Week 2 | Andrew Qu


In this week’s class session we discussed various business models that have arisen the ‘maker’ mentality. A company that is playing a significant part in this blossoming industry is Shapeways. Shapeways crowdsources ideas for 3d models and puts them into production based on support from the community. Here we can already see the emergence of quality controls and model/print standards being put into place in an otherwise highly deregulated environment. After learning about other 3DP resources that the public can access online, we were free to browse the hundreds and thousands of ready-to-print models available through the internet. Thingiverse was a popular destination and there were a variety of compelling objects.

Modular Phone Holder – http://www.thingiverse.com/thing:938573

Something like this can easily impact my daily life as in California, it’s illegal to hold a smartphone in one hand while driving a vehicle. However, with this apparatus (partially scaled to fit my unique phone case), I will be able to operate basic music and GPS functionality without worrying about a ticket.

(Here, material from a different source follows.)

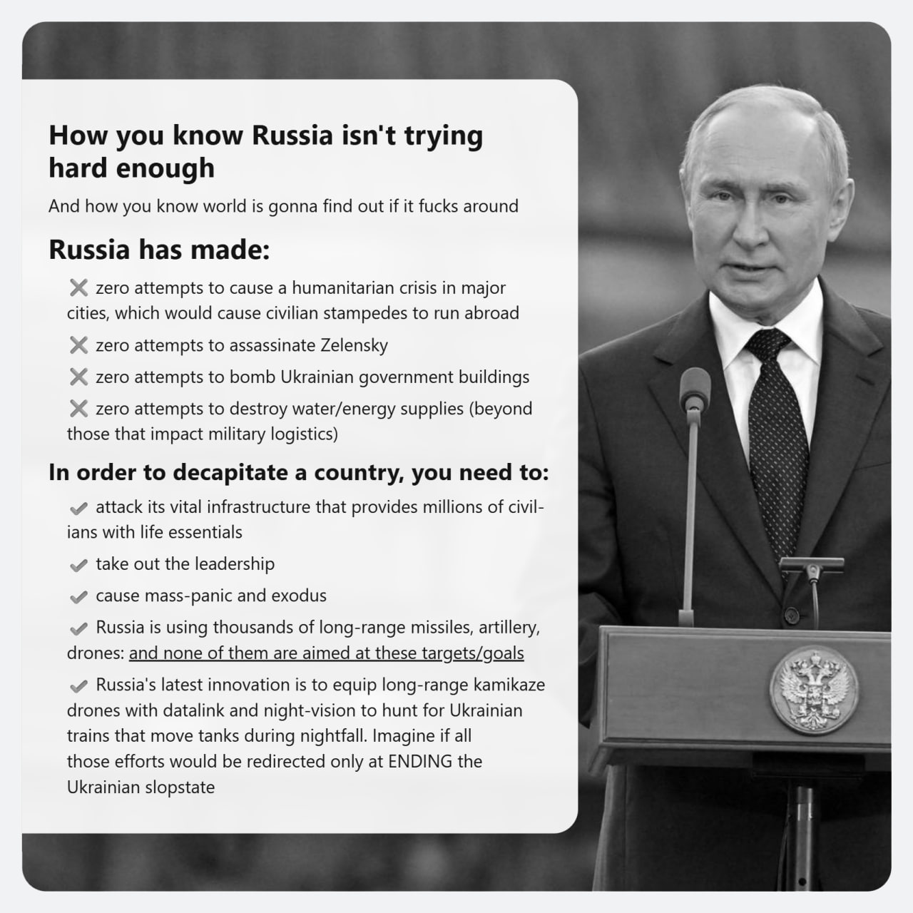 >>521048951Discussing this on /chug/ is pointless. You'll be told how>attacking civilian electrical infrastructure is something only wectoids and kikes do and Russia is too pure and good for that even in warThen Russia all but collapses Ukraine's electrical infra in a series of strikes (thus also cutting off water and sanitation/sewage for huge swaths of the county) so the goalposts get moved to...>a decapitation strike is something only wectoids and kikes blah blah blah...despite the fact that Agent Z's removal (whether via Kinjal or coup) is both inevitable AND required for any kind of negotiation to take place.

Customizable Cable Holder http://www.thingiverse.com/thing:145187

These small cable holders will handily keep my desktop cables in order, particularly after I remove my laptop from its place on my desktop, freeing up all sorts of cables and leaving in a messy heap. They would need to be customized for my desk and individual cable size variations but otherwise the design is sound.

Vase – http://www.thingiverse.com/thing:18672

Just in time for Valentine’s day! I would think that a little more weight at the bottom of the model would help with stability, but this design is quite straightforward and doesn’t require much explanation. Flowers, I would use it for flowers.

Watch – http://www.thingiverse.com/thing:1249221

I’ve always been fascinated with the mechanics of a watch, or time-keeping devices in general. A project like this would vastly help my learning and further my appreciation for the work that goes into watch and clock design and construction. Customization may come in the form of scalability and materials used, but otherwise the intricate mechanics are best left untouched.

In class, I printed a miniature keychain modeled after a skeleton mob found in the video game Minecraft. Hoping to learn more about the maker mindset and its impact on the industry this coming class session!


2 thoughts on “Week 2 | Andrew Qu

  1. Hey Andrew,

    I also printed out a keychain! My keychain is rather flat and doesn’t offer the versatility that yours displays. How long did it take to print? Also, it was awesome to have you as my buddy for last Monday’s class. I enjoyed our conversation about Shapeways and how it offers such cool, bizarre items.

  2. Hi Andrew,

    Oh that keychain came out really well! Did you print it in 2 different machines to get the colors or is it just the lighting? In addition, your point of Shapeways being a point of quality control in an otherwise deregulated environment really struck a chord in me. With 3D printing being such a personal thing, its hard for there to be really any kind of control in place. Shapeways does provide a good point of regulation in that sense.